Transplantation of pancreatic islets, containing insulin secreting beta cells, provides substantial benefits for individuals with Type 1 Diabetes (T1D). However, the low yield of the procedure limits its therapeutic potential, as many islets are lost during preparation and transplantation, primarily due to ischemia/reperfusion injuries and oxidative stress. GC7, an inhibitor of eIF5A hypusination, improves the resistance of various cells and organs to ischemia/reperfusion. Our study therefore explored whether GC7 treatment of beta cell models in vitro could serve as a strategy to enhance their resistance to ischemia/reperfusion injuries. We treated rat INS-1 or mouse MIN6 cells with GC7 and analyzed insulin secretion, energetic metabolism, mitochondrial function and both cell survival and oxidative stress under anoxia/reoxygenation conditions. In beta cells, eIF5A inhibition by GC7 treatment repressed transiently mitochondrial activity, ATP production and insulin secretion in response to glucose, which was linked to a metabolic shift from oxidative phosphorylation to anaerobic glycolysis.
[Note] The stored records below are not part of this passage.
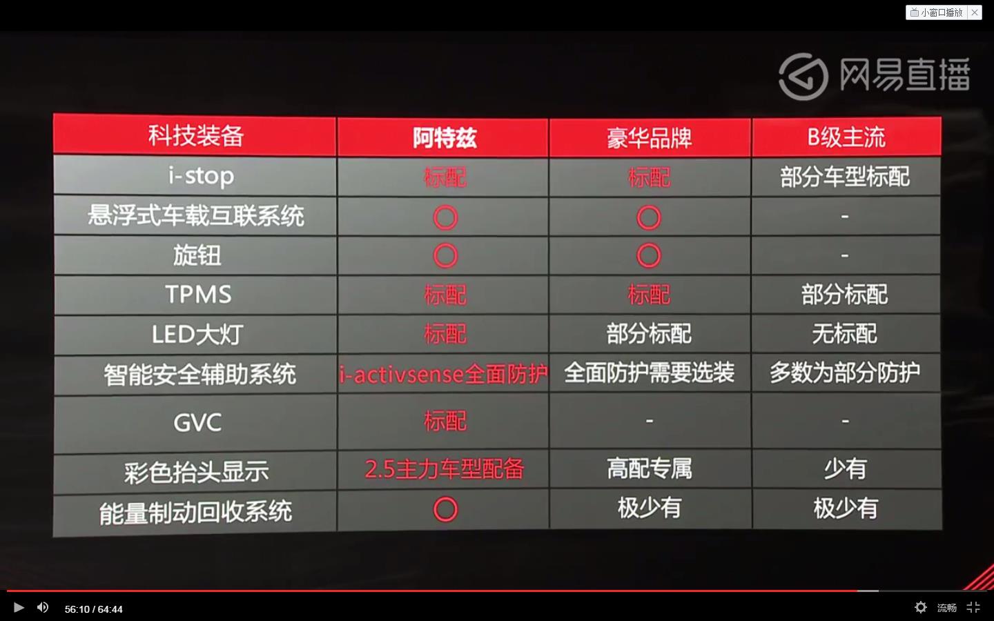 坚持操控,因为马自达一直在做驾驶乐趣、操控之类的,所以好多人说阿特兹是偏科生,只是操控好,其他的都完蛋,但别说,马自达就是在操控上一直在坚持,车身设计、底盘设计、还有各种乱七八糟的技术,都是在搞操控,这次新上的2018款阿特兹,GVC全系都加了,CX-4、CX-5、昂克赛拉也都加了,说白了还是在搞操控,没有哪个大众品牌还在这么坚持吧,以前连手刹也在一直坚持,但这次把手刹全变成电子的了,有点儿不那么能理解。另外,坚持小天窗,它是觉得小天窗就够用了,完全没必要迎合大众口味搞什么全景或大天窗,因为这么改,多多少少会影响操控性和安全性,不是不能改,而真是不愿意改,改也不难,也不是啥高科技。
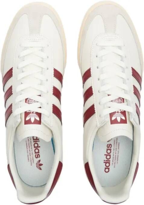 Witte, bourgondische en crème `Jeans` sneakers van Adidas Originals. Gemaakt van leer en synthetische materialen, zit dit model met veters op een crème rubberen zool en toont het een logo-applicatie en de kenmerkende drie strepen van het merk. Zoolhoogte: 2 cm Zoolhoogte op het hoogste punt: 2 cm
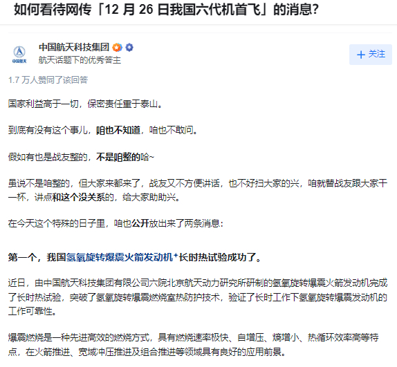 六代机这么重要的东西,肯定以官方口径为准,官方没说那就不能说这次上天的一定是六代机。

Following anoxia/reoxygenation to mimic ischemia/reperfusion, GC7 treatment significantly reduced oxidative stress while significantly improving cell survival by more than 50%. Collectively, these findings are a proof of concept demonstrating that GC7 treatment of beta cells enhances their resistance to ischemia-reperfusion injury. Hence the use of GC7 appears as a promising strategy to improve pancreatic islet survival during transplantation.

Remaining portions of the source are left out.